Extracted records:
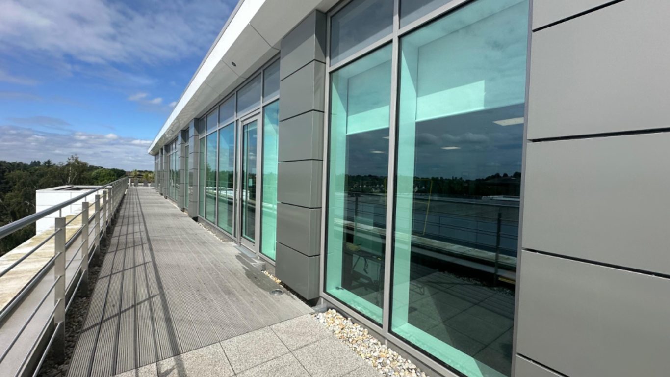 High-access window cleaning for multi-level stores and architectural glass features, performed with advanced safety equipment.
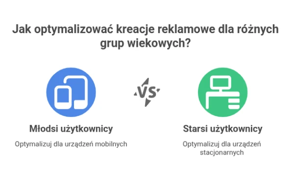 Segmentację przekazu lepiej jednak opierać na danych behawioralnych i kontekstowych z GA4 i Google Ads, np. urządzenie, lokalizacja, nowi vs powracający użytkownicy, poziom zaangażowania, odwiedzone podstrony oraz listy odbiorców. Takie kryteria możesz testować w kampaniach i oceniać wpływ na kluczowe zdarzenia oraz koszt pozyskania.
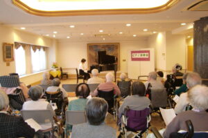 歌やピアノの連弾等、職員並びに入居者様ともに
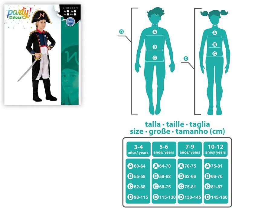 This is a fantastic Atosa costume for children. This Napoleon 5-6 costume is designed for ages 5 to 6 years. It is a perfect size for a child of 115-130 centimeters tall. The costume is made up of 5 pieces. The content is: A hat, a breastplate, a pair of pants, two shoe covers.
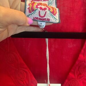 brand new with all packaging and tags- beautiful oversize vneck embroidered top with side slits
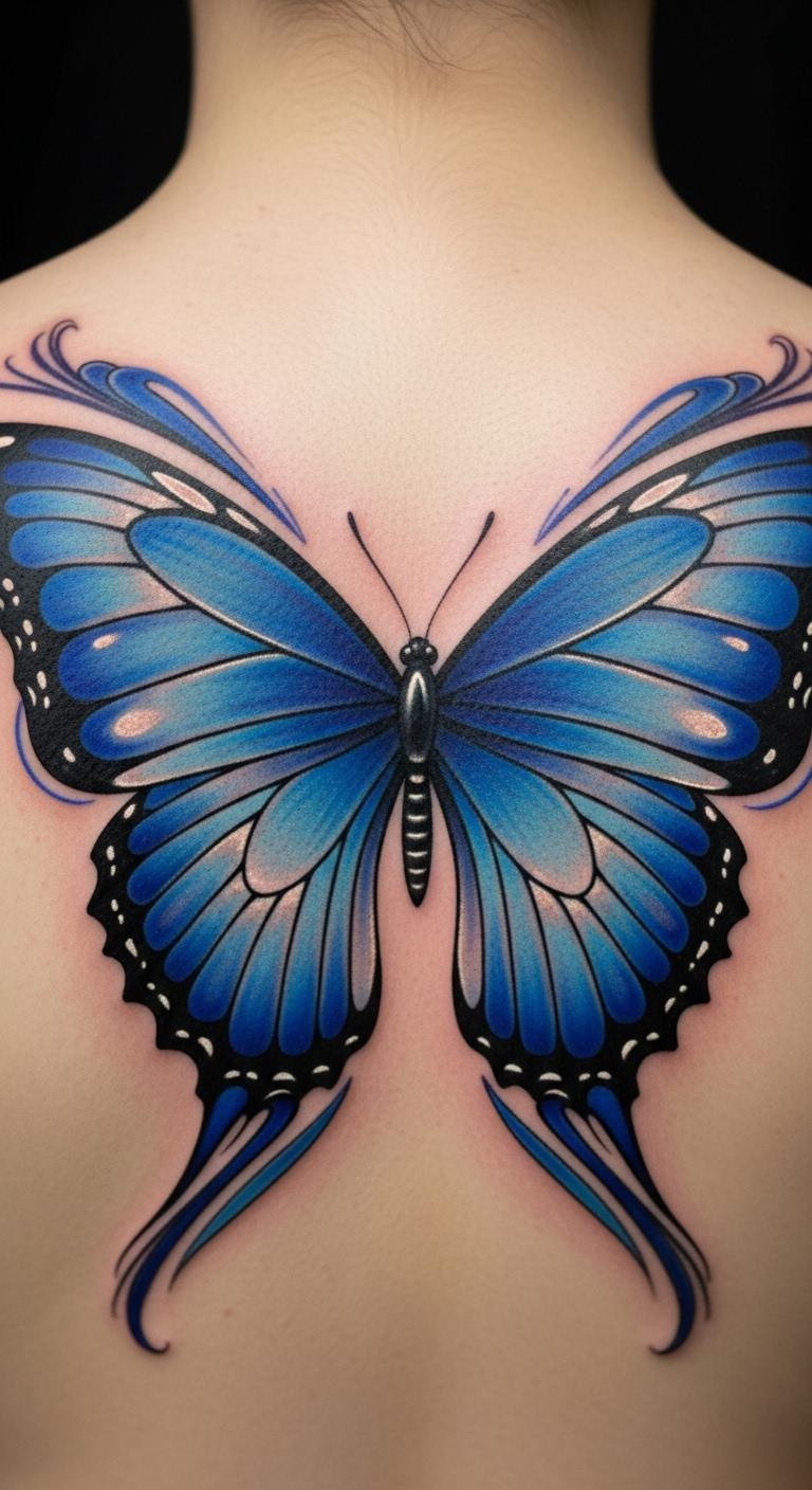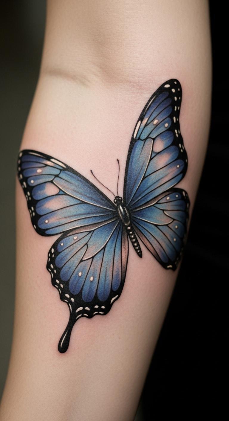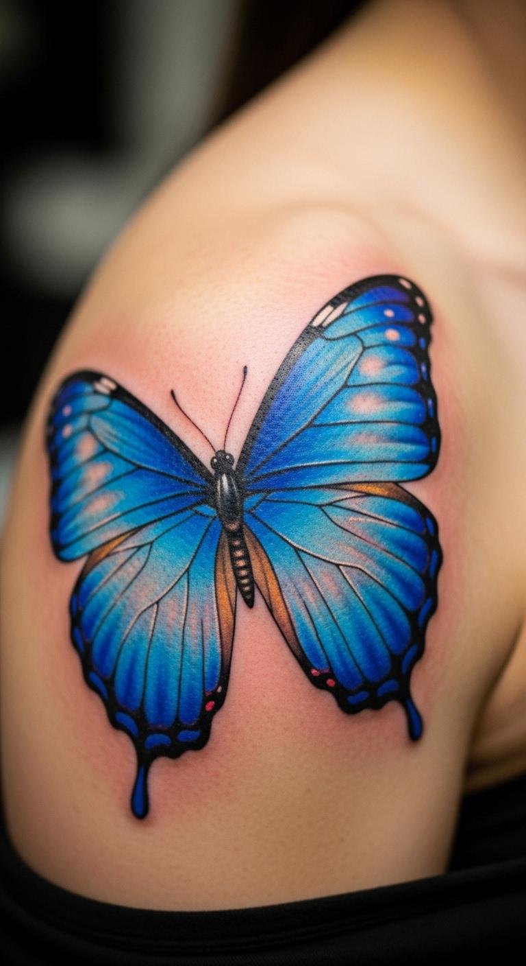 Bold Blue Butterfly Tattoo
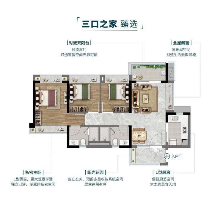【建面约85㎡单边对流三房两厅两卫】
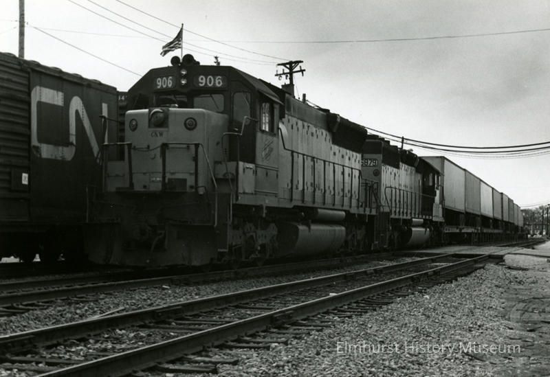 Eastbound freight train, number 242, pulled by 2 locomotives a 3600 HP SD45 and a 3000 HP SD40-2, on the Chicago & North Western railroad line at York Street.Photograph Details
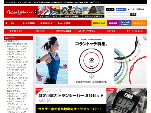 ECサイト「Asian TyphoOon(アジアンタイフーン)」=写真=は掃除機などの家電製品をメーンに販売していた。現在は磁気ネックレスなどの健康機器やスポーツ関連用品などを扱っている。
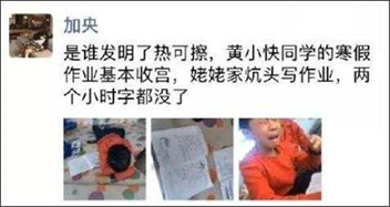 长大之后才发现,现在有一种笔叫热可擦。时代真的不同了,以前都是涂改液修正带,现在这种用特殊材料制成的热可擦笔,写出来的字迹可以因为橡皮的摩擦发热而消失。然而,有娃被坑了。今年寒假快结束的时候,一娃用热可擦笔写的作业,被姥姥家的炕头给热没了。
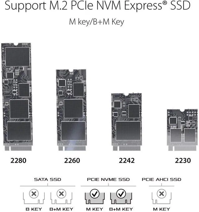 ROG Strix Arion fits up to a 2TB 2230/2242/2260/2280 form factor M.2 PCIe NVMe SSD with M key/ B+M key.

#### Task prompt:
Could the data above be repeated exactly, with every picture dropped?

#### Exercise response:
 High-access window cleaning for multi-level stores and architectural glass features, performed with advanced safety equipment.
 Segmentację przekazu lepiej jednak opierać na danych behawioralnych i kontekstowych z GA4 i Google Ads, np. urządzenie, lokalizacja, nowi vs powracający użytkownicy, poziom zaangażowania, odwiedzone podstrony oraz listy odbiorców. Takie kryteria możesz testować w kampaniach i oceniać wpływ na kluczowe zdarzenia oraz koszt pozyskania.
 歌やピアノの連弾等、職員並びに入居者様ともに
 This is a fantastic Atosa costume for children. This Napoleon 5-6 costume is designed for ages 5 to 6 years. It is a perfect size for a child of 115-130 centimeters tall. The costume is made up of 5 pieces. The content is: A hat, a breastplate, a pair of pants, two shoe covers.
 brand new with all packaging and tags- beautiful oversize vneck embroidered top with side slits
 Bold Blue Butterfly Tattoo
【建面约85㎡单边对流三房两厅两卫】
 Eastbound freight train, number 242, pulled by 2 locomotives a 3600 HP SD45 and a 3000 HP SD40-2, on the Chicago & North Western railroad line at York Street.Photograph Details
 ECサイト「Asian TyphoOon(アジアンタイフーン)」=写真=は掃除機などの家電製品をメーンに販売していた。現在は磁気ネックレスなどの健康機器やスポーツ関連用品などを扱っている。
 长大之后才发现,现在有一种笔叫热可擦。时代真的不同了,以前都是涂改液修正带,现在这种用特殊材料制成的热可擦笔,写出来的字迹可以因为橡皮的摩擦发热而消失。然而,有娃被坑了。今年寒假快结束的时候,一娃用热可擦笔写的作业,被姥姥家的炕头给热没了。
 ROG Strix Arion fits up to a 2TB 2230/2242/2260/2280 form factor M.2 PCIe NVMe SSD with M key/ B+M key.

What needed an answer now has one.